§ **Task goal**
Print every line of the material below exactly as it stands, but omit the pictures.

§ **Data block**
Segment Open

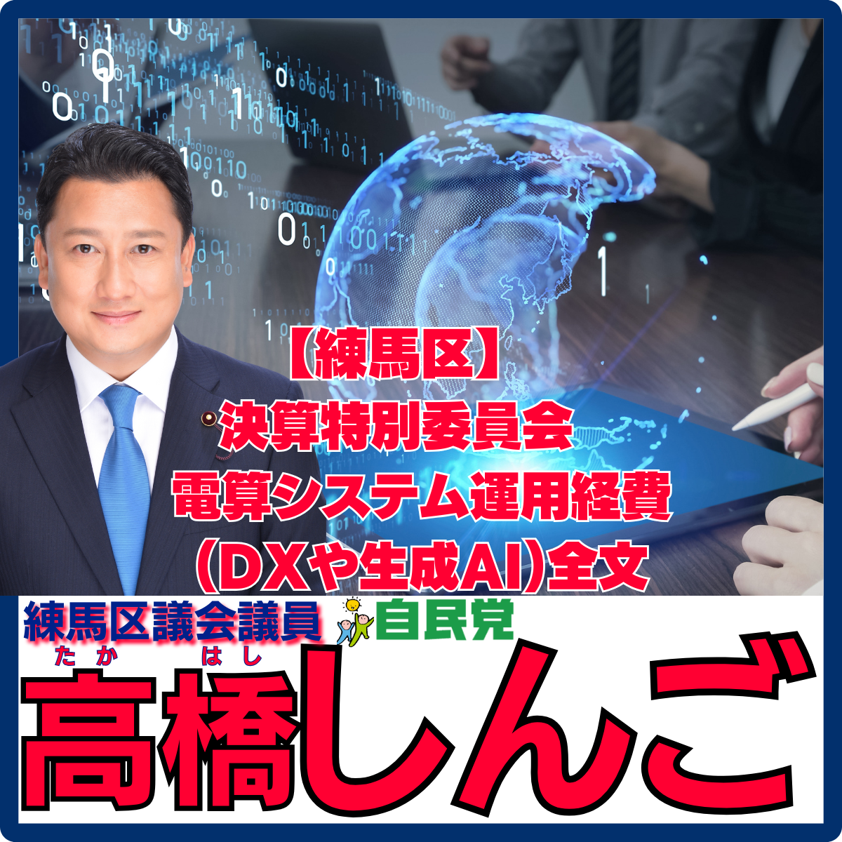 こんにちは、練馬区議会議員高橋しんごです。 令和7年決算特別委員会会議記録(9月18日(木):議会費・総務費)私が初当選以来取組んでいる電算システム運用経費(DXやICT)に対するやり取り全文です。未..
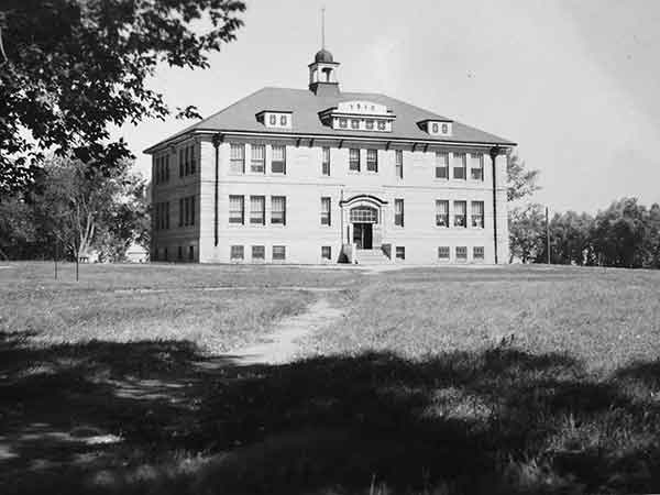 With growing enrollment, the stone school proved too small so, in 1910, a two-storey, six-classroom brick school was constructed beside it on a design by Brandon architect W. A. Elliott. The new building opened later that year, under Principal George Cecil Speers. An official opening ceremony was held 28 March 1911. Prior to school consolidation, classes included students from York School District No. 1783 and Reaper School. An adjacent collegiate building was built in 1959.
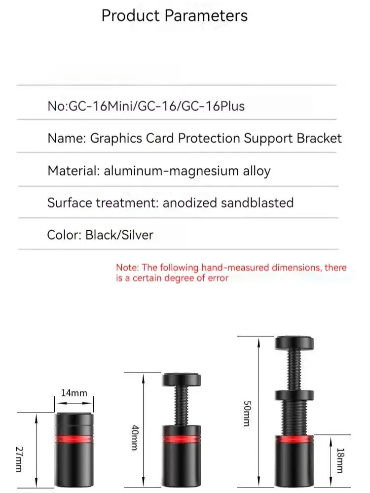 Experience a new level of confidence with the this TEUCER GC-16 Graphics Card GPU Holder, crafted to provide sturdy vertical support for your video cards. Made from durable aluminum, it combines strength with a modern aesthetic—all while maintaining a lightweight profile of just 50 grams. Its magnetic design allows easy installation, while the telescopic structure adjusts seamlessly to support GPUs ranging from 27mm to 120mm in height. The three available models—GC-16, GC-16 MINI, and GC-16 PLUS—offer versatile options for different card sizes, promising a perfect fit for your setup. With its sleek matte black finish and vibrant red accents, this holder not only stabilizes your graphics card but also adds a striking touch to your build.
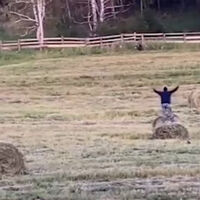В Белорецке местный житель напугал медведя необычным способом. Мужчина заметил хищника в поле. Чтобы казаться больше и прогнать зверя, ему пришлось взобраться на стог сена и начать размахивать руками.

Segment Closed

§ **Task response**
 こんにちは、練馬区議会議員高橋しんごです。 令和7年決算特別委員会会議記録(9月18日(木):議会費・総務費)私が初当選以来取組んでいる電算システム運用経費(DXやICT)に対するやり取り全文です。未..
 With growing enrollment, the stone school proved too small so, in 1910, a two-storey, six-classroom brick school was constructed beside it on a design by Brandon architect W. A. Elliott. The new building opened later that year, under Principal George Cecil Speers. An official opening ceremony was held 28 March 1911. Prior to school consolidation, classes included students from York School District No. 1783 and Reaper School. An adjacent collegiate building was built in 1959.
 Experience a new level of confidence with the this TEUCER GC-16 Graphics Card GPU Holder, crafted to provide sturdy vertical support for your video cards. Made from durable aluminum, it combines strength with a modern aesthetic—all while maintaining a lightweight profile of just 50 grams. Its magnetic design allows easy installation, while the telescopic structure adjusts seamlessly to support GPUs ranging from 27mm to 120mm in height. The three available models—GC-16, GC-16 MINI, and GC-16 PLUS—offer versatile options for different card sizes, promising a perfect fit for your setup. With its sleek matte black finish and vibrant red accents, this holder not only stabilizes your graphics card but also adds a striking touch to your build.
В Белорецке местный житель напугал медведя необычным способом. Мужчина заметил хищника в поле. Чтобы казаться больше и прогнать зверя, ему пришлось взобраться на стог сена и начать размахивать руками.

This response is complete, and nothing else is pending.